从这里,您可以在上面的代码中创建一个中间变量,如下所示:
stream_all = Stream(auth, l)
假设我们,select三F运行cisco地区,我们可以添加:
stream_SFO = stream_all.filter(locations=[-122.75,36.8,-121.75,37.8])
假设过滤位置的时间少于过滤关键字的时间。
(b) 然后你可以过滤关键词:
tweet_iter = stream_SFO.filter(track=['python', 'javascript', 'ruby'])
(c) 然后您可以将其写入文件,如下所示:
with open('file_name.json', 'w') as f:
json.dump(tweet_iter,f,indent=1)
这应该会花费更少的时间。我碰巧想解决您今天 post 提出的同一个问题。因此,我没有执行时间。
希望对您有所帮助。
我注意到您希望将数据流式传输到一个变量中供以后使用。
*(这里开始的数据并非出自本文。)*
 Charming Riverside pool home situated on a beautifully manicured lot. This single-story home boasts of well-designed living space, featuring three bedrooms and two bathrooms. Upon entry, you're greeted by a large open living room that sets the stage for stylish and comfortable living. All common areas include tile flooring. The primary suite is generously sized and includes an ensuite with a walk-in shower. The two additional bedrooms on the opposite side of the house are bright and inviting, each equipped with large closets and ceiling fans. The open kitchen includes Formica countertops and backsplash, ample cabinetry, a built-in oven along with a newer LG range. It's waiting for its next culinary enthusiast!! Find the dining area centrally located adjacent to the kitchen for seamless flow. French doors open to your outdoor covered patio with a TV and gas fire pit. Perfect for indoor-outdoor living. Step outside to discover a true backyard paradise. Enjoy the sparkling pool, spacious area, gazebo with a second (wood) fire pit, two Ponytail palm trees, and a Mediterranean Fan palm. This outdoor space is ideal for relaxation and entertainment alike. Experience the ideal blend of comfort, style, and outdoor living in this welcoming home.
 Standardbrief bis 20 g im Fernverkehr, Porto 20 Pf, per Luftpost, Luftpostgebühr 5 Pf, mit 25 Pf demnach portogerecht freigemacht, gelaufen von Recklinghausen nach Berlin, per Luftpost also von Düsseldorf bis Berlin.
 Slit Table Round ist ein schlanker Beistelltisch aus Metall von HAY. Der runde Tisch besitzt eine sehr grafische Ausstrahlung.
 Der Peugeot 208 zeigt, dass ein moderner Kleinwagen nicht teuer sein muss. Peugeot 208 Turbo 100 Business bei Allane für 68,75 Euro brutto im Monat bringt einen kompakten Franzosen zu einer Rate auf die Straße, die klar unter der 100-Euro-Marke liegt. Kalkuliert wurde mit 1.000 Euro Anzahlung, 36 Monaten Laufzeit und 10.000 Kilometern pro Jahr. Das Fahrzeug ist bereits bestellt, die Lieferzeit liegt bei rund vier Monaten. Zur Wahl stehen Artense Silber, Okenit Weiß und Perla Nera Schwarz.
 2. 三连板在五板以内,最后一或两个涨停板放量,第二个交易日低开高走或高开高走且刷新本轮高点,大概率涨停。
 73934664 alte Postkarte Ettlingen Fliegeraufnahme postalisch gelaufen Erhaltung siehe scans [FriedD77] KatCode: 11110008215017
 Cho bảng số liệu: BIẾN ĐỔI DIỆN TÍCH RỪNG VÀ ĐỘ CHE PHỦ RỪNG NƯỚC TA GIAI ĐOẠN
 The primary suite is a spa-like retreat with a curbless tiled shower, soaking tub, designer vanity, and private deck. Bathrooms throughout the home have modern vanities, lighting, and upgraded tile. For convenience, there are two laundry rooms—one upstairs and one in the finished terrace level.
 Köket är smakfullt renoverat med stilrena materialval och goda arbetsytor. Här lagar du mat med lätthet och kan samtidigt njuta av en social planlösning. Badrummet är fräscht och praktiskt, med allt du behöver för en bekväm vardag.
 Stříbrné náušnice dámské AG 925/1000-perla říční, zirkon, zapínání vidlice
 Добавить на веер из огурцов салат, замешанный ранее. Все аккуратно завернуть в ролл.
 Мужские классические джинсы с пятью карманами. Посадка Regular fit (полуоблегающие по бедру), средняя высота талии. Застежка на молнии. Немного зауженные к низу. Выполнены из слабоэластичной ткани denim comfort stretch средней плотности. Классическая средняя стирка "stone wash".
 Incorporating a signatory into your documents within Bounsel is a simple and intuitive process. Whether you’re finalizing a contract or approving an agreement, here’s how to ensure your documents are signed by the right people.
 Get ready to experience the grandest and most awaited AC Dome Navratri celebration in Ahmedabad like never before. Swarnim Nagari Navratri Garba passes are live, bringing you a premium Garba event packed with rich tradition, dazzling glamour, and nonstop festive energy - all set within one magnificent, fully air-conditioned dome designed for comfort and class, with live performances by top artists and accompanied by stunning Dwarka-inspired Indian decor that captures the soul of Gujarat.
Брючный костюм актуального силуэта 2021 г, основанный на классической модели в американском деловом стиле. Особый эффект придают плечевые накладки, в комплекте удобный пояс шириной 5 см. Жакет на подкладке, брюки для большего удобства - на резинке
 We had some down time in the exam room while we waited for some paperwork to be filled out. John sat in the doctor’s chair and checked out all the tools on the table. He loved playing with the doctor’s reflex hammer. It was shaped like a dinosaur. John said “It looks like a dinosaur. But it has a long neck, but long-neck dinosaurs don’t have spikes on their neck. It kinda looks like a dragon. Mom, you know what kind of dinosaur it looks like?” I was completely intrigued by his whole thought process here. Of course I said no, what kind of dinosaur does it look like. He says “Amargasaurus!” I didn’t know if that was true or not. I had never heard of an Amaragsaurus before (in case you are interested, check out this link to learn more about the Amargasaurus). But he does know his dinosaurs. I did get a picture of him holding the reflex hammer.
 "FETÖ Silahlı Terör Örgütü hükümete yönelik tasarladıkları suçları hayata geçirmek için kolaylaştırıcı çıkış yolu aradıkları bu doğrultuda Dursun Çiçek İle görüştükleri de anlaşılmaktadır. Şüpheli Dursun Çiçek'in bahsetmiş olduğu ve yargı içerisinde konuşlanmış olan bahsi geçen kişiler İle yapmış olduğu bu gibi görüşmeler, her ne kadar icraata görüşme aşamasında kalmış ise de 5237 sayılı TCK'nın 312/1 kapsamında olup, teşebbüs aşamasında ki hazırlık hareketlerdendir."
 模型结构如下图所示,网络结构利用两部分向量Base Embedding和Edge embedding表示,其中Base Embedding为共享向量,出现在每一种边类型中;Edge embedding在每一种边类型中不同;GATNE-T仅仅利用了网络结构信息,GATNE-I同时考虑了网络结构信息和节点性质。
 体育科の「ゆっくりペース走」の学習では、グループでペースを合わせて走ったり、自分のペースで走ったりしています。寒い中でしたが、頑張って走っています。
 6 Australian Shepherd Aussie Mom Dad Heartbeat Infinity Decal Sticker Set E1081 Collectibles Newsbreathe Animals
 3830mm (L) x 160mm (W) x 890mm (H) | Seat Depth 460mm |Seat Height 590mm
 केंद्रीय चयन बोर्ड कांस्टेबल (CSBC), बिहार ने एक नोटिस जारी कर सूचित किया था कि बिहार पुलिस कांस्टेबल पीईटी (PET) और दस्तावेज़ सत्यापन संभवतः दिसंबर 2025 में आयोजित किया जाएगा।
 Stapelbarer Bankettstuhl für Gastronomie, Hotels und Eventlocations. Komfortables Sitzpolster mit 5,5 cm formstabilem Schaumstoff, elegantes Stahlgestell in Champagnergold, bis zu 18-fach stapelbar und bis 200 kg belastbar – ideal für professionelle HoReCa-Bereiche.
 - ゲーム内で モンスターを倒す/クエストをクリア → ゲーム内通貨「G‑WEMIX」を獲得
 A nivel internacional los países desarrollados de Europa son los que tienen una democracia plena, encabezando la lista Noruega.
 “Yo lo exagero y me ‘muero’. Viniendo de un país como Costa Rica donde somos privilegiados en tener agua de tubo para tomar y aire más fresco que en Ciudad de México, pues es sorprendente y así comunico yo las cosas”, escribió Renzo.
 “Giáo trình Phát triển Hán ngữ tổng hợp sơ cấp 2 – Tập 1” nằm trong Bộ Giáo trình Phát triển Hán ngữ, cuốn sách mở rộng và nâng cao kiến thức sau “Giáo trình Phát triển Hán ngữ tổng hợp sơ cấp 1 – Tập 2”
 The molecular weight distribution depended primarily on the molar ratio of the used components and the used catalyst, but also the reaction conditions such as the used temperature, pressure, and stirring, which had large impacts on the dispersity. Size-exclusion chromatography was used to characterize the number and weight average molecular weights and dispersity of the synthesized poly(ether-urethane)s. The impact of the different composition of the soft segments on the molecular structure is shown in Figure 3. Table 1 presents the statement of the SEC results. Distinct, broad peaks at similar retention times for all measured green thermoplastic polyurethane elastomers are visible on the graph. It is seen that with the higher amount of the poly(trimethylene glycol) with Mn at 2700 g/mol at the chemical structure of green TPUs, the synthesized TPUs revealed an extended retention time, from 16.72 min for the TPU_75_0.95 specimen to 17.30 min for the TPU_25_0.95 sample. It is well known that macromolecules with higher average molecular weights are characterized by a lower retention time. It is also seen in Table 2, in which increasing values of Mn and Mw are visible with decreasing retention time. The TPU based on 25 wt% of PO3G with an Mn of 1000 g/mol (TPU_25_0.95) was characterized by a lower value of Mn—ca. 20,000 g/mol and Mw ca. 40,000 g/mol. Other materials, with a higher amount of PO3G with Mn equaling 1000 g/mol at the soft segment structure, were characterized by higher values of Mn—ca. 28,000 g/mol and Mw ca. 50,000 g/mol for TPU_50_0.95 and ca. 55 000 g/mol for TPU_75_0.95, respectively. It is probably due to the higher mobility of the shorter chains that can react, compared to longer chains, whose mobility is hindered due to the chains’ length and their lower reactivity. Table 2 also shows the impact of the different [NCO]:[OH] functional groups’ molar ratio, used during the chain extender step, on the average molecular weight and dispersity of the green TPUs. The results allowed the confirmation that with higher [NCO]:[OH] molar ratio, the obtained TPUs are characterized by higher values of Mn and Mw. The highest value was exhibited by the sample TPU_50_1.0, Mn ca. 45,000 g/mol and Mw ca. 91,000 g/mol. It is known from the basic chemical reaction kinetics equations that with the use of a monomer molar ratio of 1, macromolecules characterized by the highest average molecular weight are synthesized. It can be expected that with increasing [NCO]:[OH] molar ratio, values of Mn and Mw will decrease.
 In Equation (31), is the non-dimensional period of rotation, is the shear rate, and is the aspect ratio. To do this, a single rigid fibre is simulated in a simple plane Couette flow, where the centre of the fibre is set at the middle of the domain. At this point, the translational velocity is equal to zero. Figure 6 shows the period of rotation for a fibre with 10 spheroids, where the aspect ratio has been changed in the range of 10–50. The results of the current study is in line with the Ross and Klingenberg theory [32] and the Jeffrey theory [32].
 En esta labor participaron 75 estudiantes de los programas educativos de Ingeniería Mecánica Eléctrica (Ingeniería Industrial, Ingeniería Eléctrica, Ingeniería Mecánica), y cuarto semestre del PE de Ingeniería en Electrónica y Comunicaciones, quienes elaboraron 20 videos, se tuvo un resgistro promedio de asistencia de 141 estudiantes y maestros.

我这样做的方法是创建一个方法,使用 sqlite3 和 sqlalchemy 将数据流式传输到数据库中。
例如,首先这里是正则代码:
import tweepy
import json
import time
import db_commands
import credentials
API_KEY = credentials.ApiKey
API_KEY_SECRET = credentials.ApiKeySecret
ACCESS_TOKEN = credentials.AccessToken
ACCESS_TOKEN_SECRET = credentials.AccessTokenSecret
def create_auth_instance():
"""Set up Authentication Instance"""
auth = tweepy.OAuthHandler(API_KEY, API_KEY_SECRET)
auth.set_access_token(ACCESS_TOKEN, ACCESS_TOKEN_SECRET)
api = tweepy.API(auth, wait_on_rate_limit = True)
return api
class MyStreamListener(tweepy.StreamListener):
""" Listen for tweets """
def __init__(self, api=None):
self.counter = 0
# References the auth instance for the listener
self.api = create_auth_instance()
# Creates a database command instance
self.dbms = db_commands.MyDatabase(db_commands.SQLITE, dbname='mydb.sqlite')
# Creates a database table
self.dbms.create_db_tables()
def on_connect(self):
"""Notify when user connected to twitter"""
print("Connected to Twitter API!")
def on_status(self, tweet):
"""
Everytime a tweet is tracked, add the contents of the tweet,
its username, text, and date created, into a sqlite3 database
"""
user = tweet.user.screen_name
text = tweet.text
date_created = tweet.created_at
self.dbms.insert(user, text, date_created)
def on_error(self, status_code):
"""Handle error codes"""
if status_code == 420:
# Return False if stream disconnects
return False
def main():
"""Create twitter listener (Stream)"""
tracker_subject = input("Type subject to track: ")
twitter_listener = MyStreamListener()
myStream = tweepy.Stream(auth=twitter_listener.api.auth, listener=twitter_listener)
myStream.filter(track=[tracker_subject], is_async=True)
main()
正如您在代码中看到的,我们验证并创建一个监听器,然后激活一个流
twitter_listener = MyStreamListener()
myStream = tweepy.Stream(auth=twitter_listener.api.auth, listener=twitter_listener)
myStream.filter(track=[tracker_subject], is_async=True)
每次我们收到推文时,都会执行 'on_status' 函数,该函数可用于对正在流式传输的推文数据执行一组操作。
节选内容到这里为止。